Repeat the listing exactly. Do not carry over any pictures.

◆ Recorded data ◆
════════
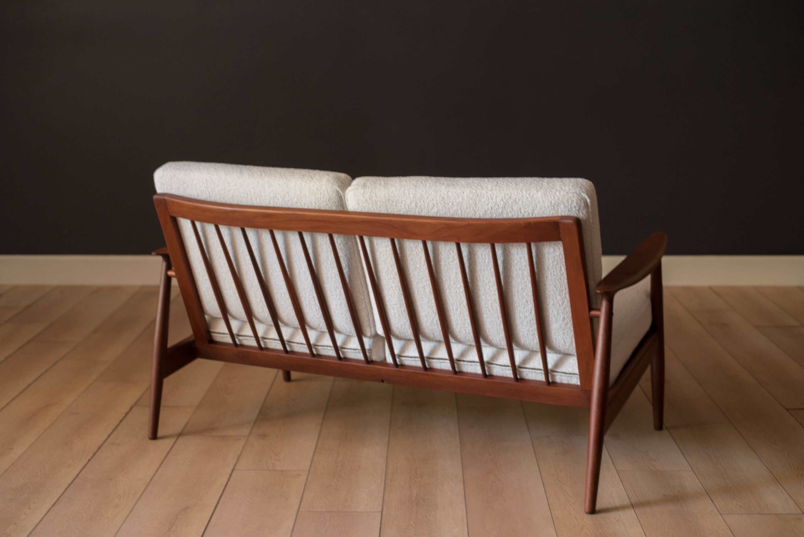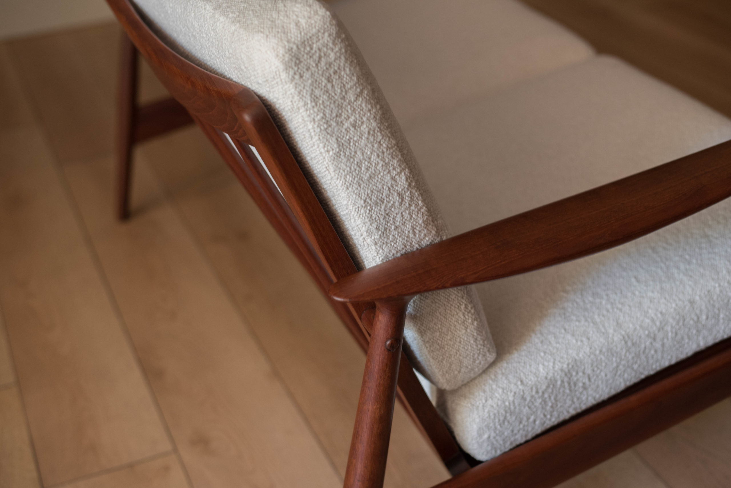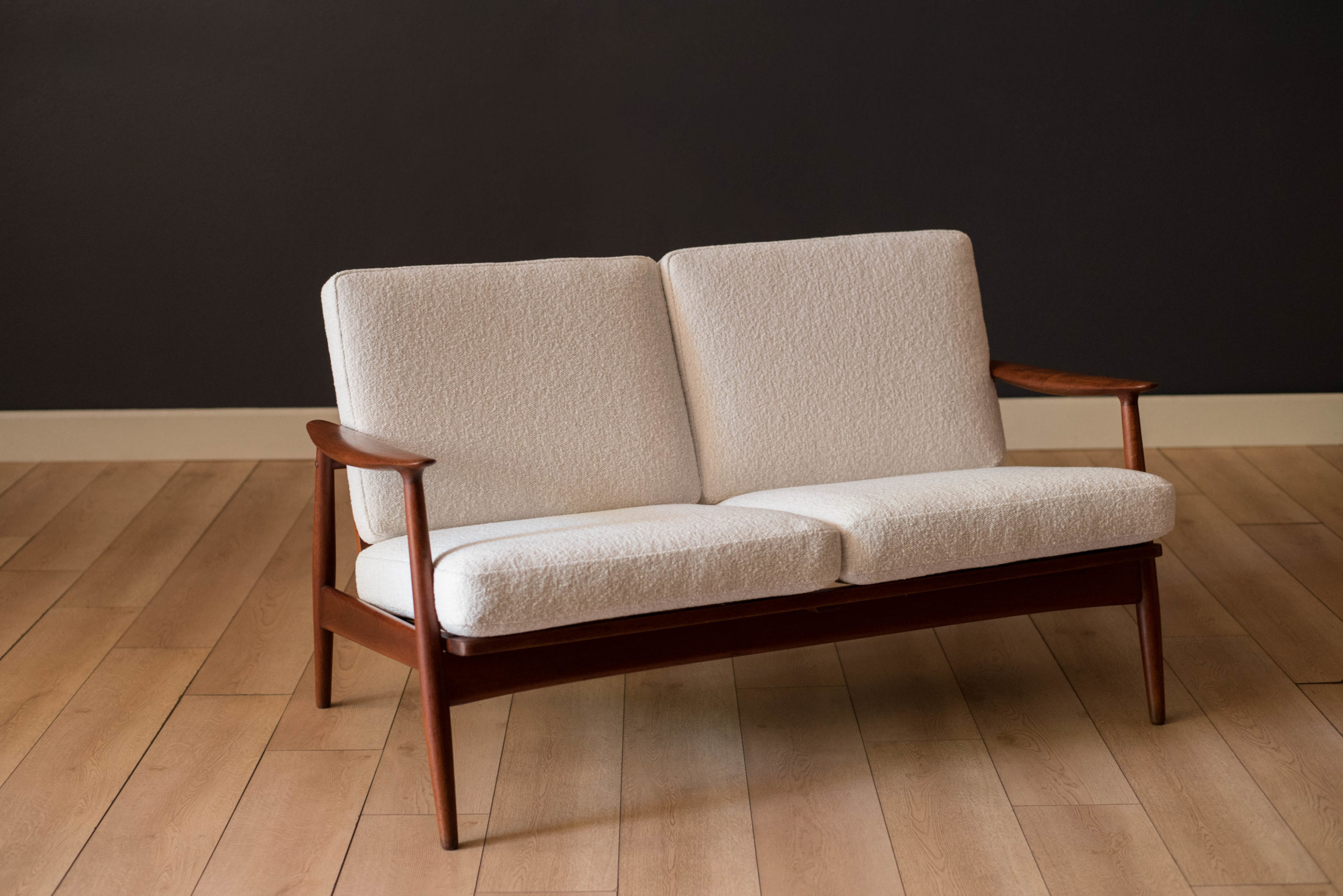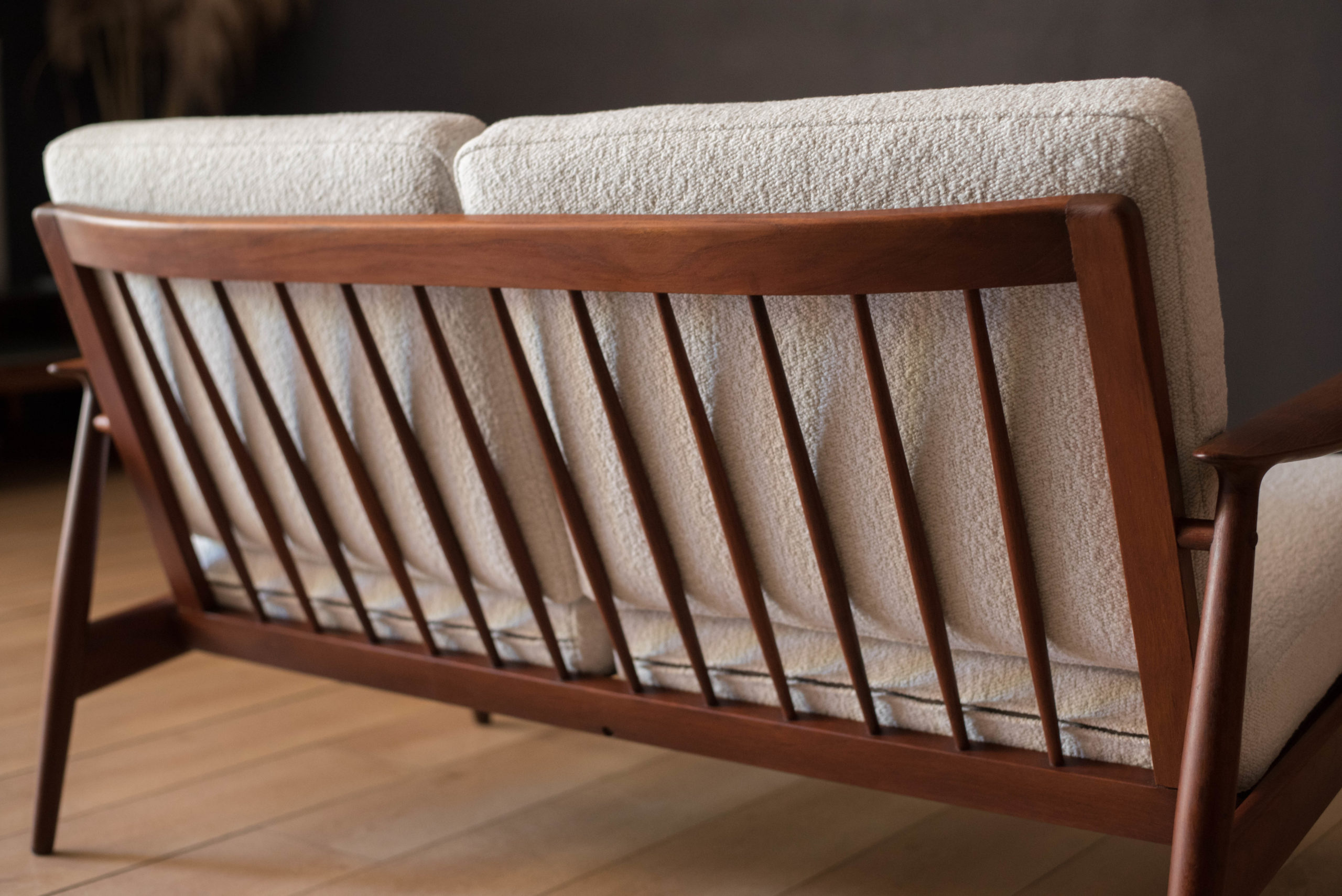 Teak Danish Modern Bouclé Settee Sofa by MM Moreddi
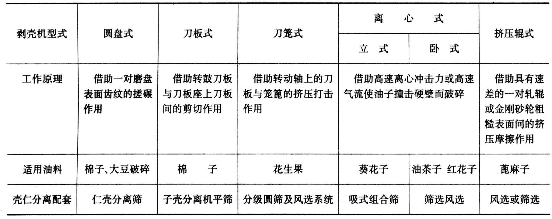 利用壳、仁结构性质的不同,借助搓碾、剪切、撞击或挤压的原理进行壳、仁有效剥离,剥壳后的仁壳混合物通常采用筛选、风选或组合分离设备进行清理。衡量剥壳效果的标准是:①剥壳率高而碎仁率低;②剥壳后仁中含壳率,视制油工艺而定,如预榨、浸出工艺规定棉子仁、向日葵子仁中含壳不超过10%,花生仁含壳在1%以下;③剥壳后壳中含仁率要低,如棉子、花生不超过0.5%,向日葵子低于1%。为提高剥壳效果宜选择合理的剥壳设备与壳仁分离配套措施(表2);调节剥壳前油料的最佳水分,如向日葵子、红花子7.5%~8.5%,棉子10%~12%,花生果、大豆9%~10%,油茶子12%~18.5%,油桐子9~15%。
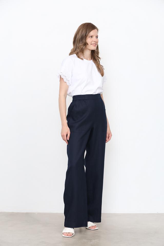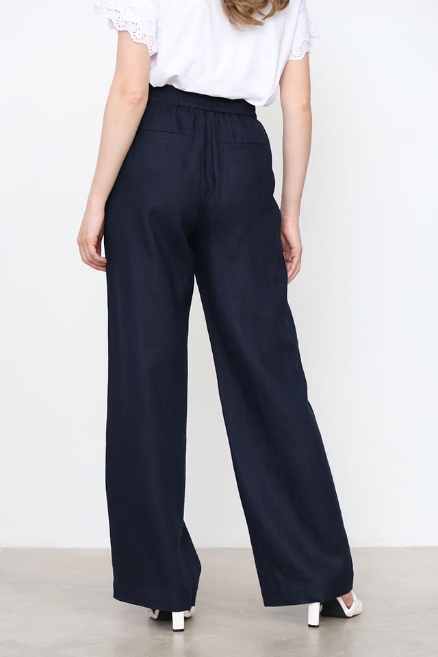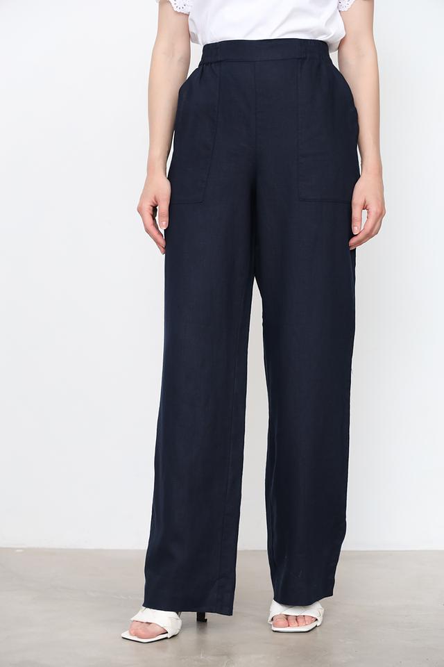 Женские брюки палаццо от Oui тёмно-синего цвета, выполнены из 100% льна. Модель с эластичным поясом и боковыми карманами отличается свободным кроем и комфортом в носке. Состав: лен 100%
════════
◆ Answer area ◆
 Teak Danish Modern Bouclé Settee Sofa by MM Moreddi
 利用壳、仁结构性质的不同,借助搓碾、剪切、撞击或挤压的原理进行壳、仁有效剥离,剥壳后的仁壳混合物通常采用筛选、风选或组合分离设备进行清理。衡量剥壳效果的标准是:①剥壳率高而碎仁率低;②剥壳后仁中含壳率,视制油工艺而定,如预榨、浸出工艺规定棉子仁、向日葵子仁中含壳不超过10%,花生仁含壳在1%以下;③剥壳后壳中含仁率要低,如棉子、花生不超过0.5%,向日葵子低于1%。为提高剥壳效果宜选择合理的剥壳设备与壳仁分离配套措施(表2);调节剥壳前油料的最佳水分,如向日葵子、红花子7.5%~8.5%,棉子10%~12%,花生果、大豆9%~10%,油茶子12%~18.5%,油桐子9~15%。
 Женские брюки палаццо от Oui тёмно-синего цвета, выполнены из 100% льна. Модель с эластичным поясом и боковыми карманами отличается свободным кроем и комфортом в носке. Состав: лен 100%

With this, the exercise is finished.